### DESCRIPTION OF THE TASK
For any picture in the lines below, please leave it out and copy the rest exactly.

### DATA BELOW
*-*-*

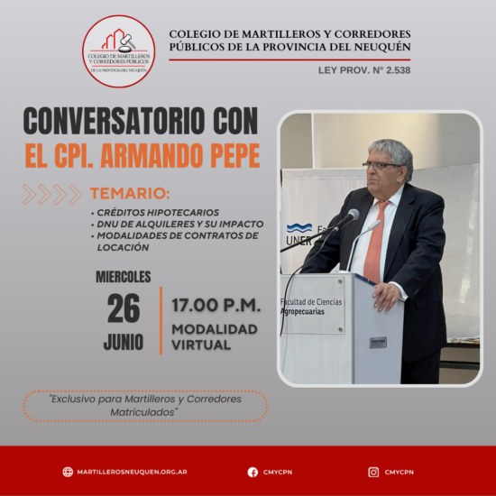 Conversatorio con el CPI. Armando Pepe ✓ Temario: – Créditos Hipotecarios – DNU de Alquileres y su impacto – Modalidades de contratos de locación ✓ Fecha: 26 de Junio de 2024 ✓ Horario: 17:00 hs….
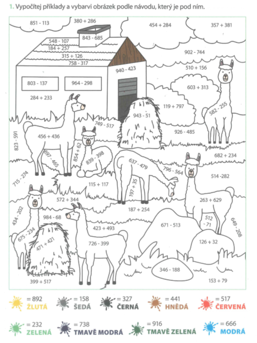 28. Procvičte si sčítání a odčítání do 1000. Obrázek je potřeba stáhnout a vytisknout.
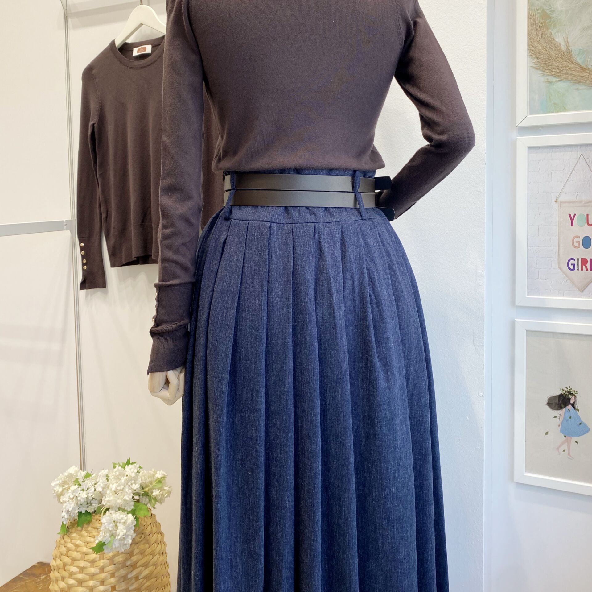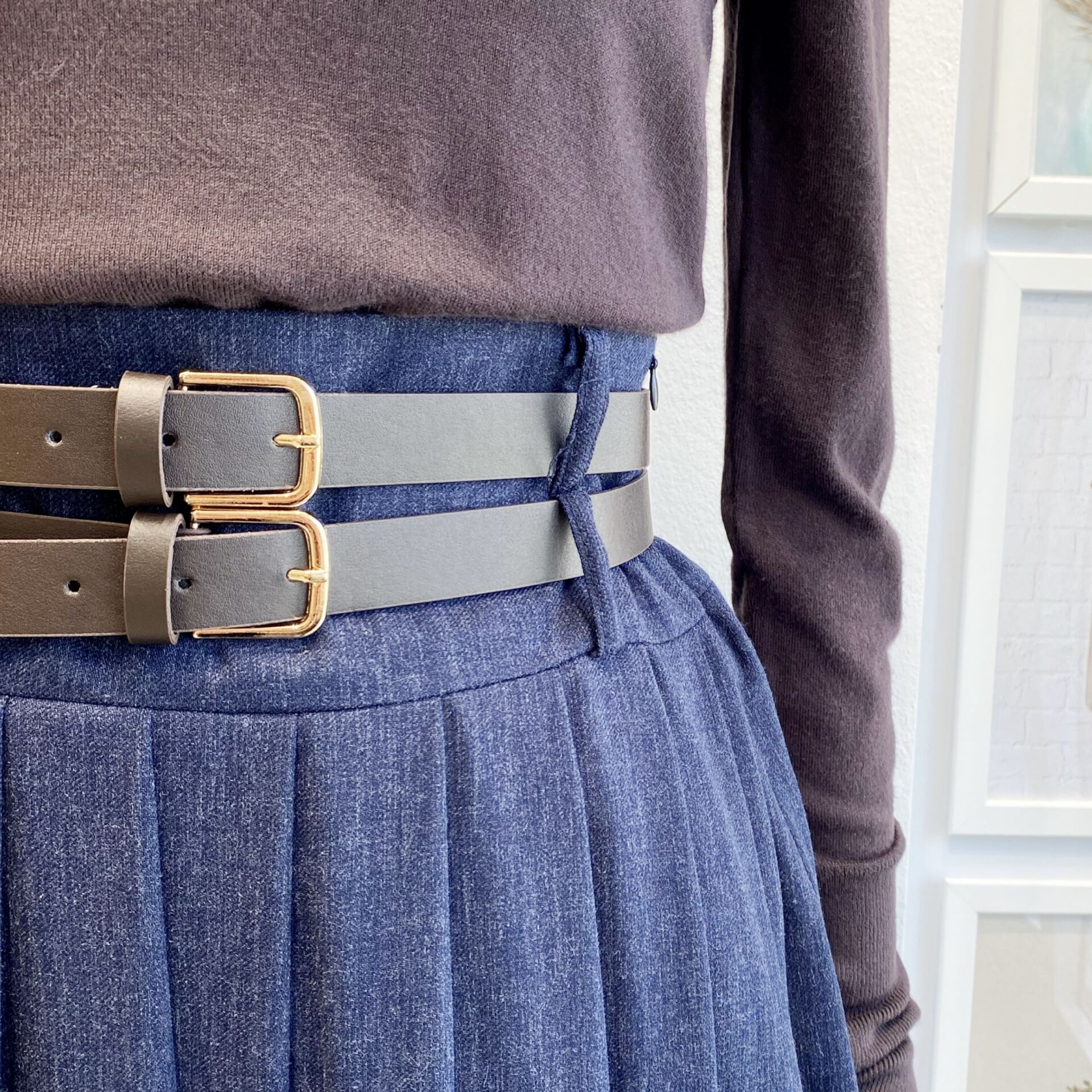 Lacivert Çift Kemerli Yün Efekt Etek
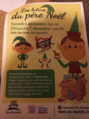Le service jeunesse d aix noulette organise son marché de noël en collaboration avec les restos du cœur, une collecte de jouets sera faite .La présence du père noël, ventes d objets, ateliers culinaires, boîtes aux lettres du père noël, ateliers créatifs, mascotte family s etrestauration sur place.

*-*-*

### TASK SOLUTION
 Conversatorio con el CPI. Armando Pepe ✓ Temario: – Créditos Hipotecarios – DNU de Alquileres y su impacto – Modalidades de contratos de locación ✓ Fecha: 26 de Junio de 2024 ✓ Horario: 17:00 hs….
 28. Procvičte si sčítání a odčítání do 1000. Obrázek je potřeba stáhnout a vytisknout.
 Lacivert Çift Kemerli Yün Efekt Etek
Le service jeunesse d aix noulette organise son marché de noël en collaboration avec les restos du cœur, une collecte de jouets sera faite .La présence du père noël, ventes d objets, ateliers culinaires, boîtes aux lettres du père noël, ateliers créatifs, mascotte family s etrestauration sur place.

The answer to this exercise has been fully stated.